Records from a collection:

☆ ☆ ☆

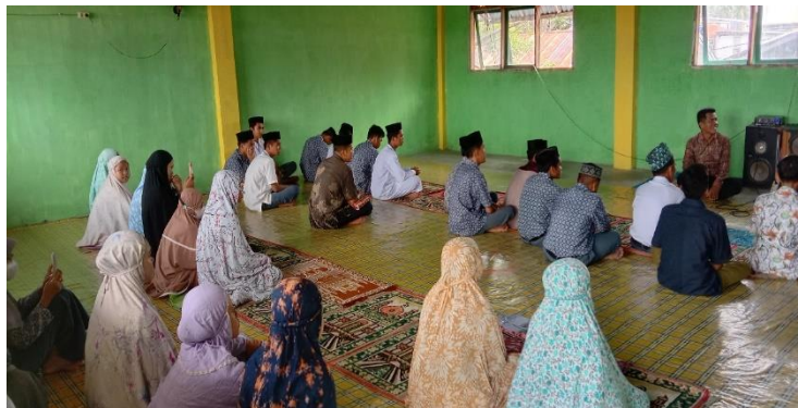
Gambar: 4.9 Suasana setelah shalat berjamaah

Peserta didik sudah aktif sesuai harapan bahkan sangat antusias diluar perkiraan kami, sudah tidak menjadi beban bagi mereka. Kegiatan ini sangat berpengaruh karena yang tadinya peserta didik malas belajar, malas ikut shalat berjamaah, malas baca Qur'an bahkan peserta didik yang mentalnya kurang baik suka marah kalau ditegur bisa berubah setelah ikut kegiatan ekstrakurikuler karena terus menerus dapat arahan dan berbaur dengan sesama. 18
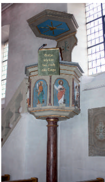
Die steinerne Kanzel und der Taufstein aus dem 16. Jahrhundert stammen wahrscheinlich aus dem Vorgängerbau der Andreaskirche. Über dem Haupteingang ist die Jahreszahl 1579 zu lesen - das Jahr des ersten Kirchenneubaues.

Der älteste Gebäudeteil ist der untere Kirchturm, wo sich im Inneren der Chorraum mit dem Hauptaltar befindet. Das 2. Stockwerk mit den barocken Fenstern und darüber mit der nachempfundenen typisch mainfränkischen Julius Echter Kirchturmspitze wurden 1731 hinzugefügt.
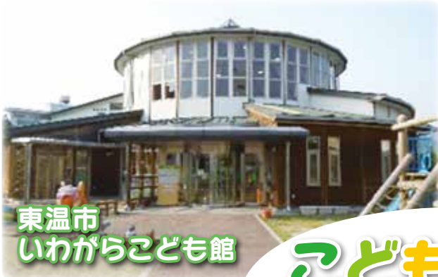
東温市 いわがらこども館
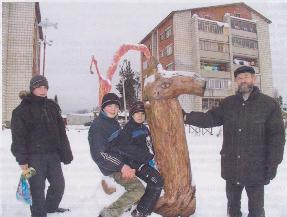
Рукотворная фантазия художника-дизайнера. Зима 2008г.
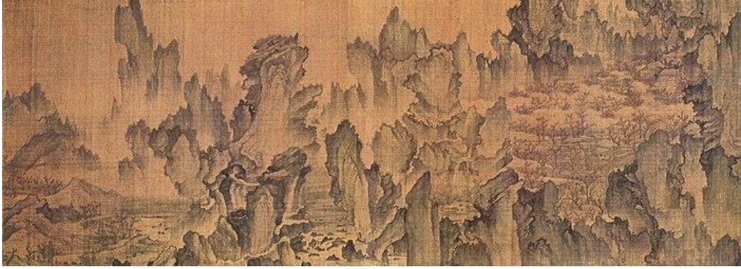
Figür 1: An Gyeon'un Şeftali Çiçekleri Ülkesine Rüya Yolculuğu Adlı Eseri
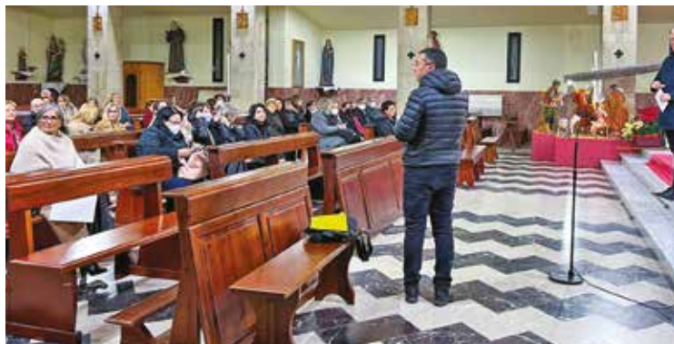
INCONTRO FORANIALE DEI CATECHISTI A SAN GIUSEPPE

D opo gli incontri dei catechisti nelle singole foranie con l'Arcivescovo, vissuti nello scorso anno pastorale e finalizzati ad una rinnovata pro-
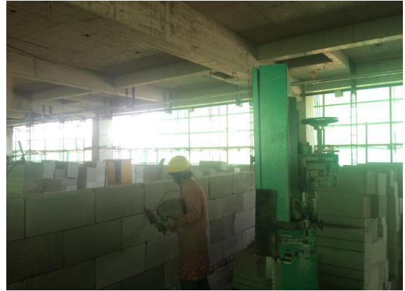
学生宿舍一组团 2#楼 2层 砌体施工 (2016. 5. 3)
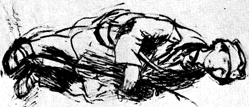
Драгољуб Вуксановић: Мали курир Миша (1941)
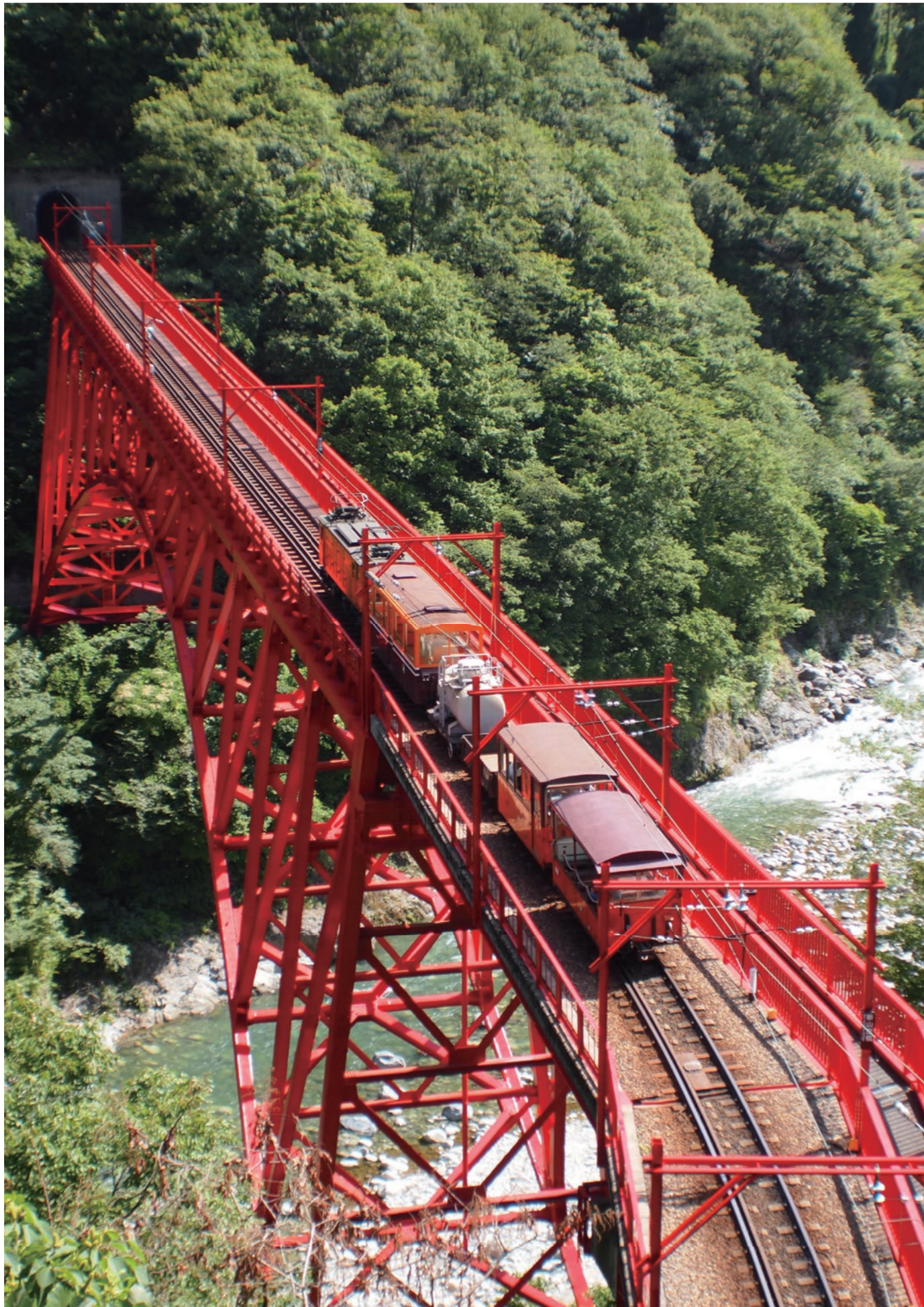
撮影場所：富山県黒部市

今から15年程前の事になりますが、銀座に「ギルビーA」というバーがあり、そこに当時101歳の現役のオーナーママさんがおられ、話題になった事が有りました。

☆ ☆ ☆

- Task requirements -
From the records, copy every line that has the string "setelah" in it.

- Solved problem -
Gambar: 4.9 Suasana setelah shalat berjamaah
Peserta didik sudah aktif sesuai harapan bahkan sangat antusias diluar perkiraan kami, sudah tidak menjadi beban bagi mereka. Kegiatan ini sangat berpengaruh karena yang tadinya peserta didik malas belajar, malas ikut shalat berjamaah, malas baca Qur'an bahkan peserta didik yang mentalnya kurang baik suka marah kalau ditegur bisa berubah setelah ikut kegiatan ekstrakurikuler karena terus menerus dapat arahan dan berbaur dengan sesama. 18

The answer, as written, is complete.